Лайза Джуэлл - Тридцатник, и только
Надин следовала за ней на трясущихся ногах — результат ее усилий упражняться вровень с Дилайлой.
— Точно, — свинцовая тяжесть в голосе Надин предполагала что угодно, но только не наслаждение.
В раздевалке Дилайла принялась стягивать слегка влажную форму с простодушностью человека, которому нечего скрывать: ни мешков, ни комков, ни складок, ни волос.
Вот это да, размышляла Надин, глядя на абсолютно голую Дилайлу, она вся целиком цвета густых сливок, и определенно натуральная блондинка, и тело у нее, как у выезженной скаковой лошади, а задница торчит сама по себе без подпорок и утягиваний.

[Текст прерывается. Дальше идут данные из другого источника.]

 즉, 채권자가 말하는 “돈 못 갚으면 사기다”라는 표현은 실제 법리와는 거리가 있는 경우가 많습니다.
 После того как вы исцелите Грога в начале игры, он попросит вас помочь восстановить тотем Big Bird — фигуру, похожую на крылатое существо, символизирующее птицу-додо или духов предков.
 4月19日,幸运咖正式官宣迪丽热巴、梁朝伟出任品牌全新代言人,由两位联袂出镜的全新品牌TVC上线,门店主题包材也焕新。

Надин от души понадеялась, что Дилайла каждое утро падает на четвереньки и бьет поклоны, благодаря Всевышнего за то, чем Ему вздумалось одарить ее.
За чашкой кофе в буфете при спортзале Дилайла держалась не столь нервно, как в доме Надин, она уже не стремилась польстить каждым словом и каждым жестом, и Надин с удивлением отметила, насколько приятнее и легче в общении с ней стало. В школе Дилайла ходила всегда мрачная и угрюмая. Надин не помнила, чтобы она улыбалась в те годы. Но сейчас Дилайла с удовольствием и весело болтала. Беседовали они в основном о том, как похудеть и правильно питаться, как бросить курить (завязавшая с куревом Дилайла страшно мучилась, а Надин вот уже лет десять как собиралась расстаться с этой пагубной привычкой, но до сих пор не сделала ни одной попытки) и, на закуску обсудили тридцатый день рождения.

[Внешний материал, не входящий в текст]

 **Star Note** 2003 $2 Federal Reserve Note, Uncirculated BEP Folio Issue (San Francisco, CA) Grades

— Самое ужасное в тридцатилетии, — рассуждала Надин, — невозможность откладывать рождение ребенка, потому что дальше уже некуда. Знаешь ведь, как обычно бывает: многие годы твердишь себе, что заведешь детей до тридцати, и это решение кажется невероятно разумным, а потом тебе исполняется двадцать восемь, двадцать девять, и вдруг понимаешь, что ты пока не готова, и откладываешь это дело до тридцати двух. Потом тебе исполняется тридцать и ты осознаешь, что не более готова стать матерью, чем десять лет назад, и даже менее, и начинаешь сомневаться, а будешь ли ты вообще когда-нибудь готова. — Она размешала кусочек сахара в кофе и взглянула на Дилайлу. — Понимаешь, о чем я?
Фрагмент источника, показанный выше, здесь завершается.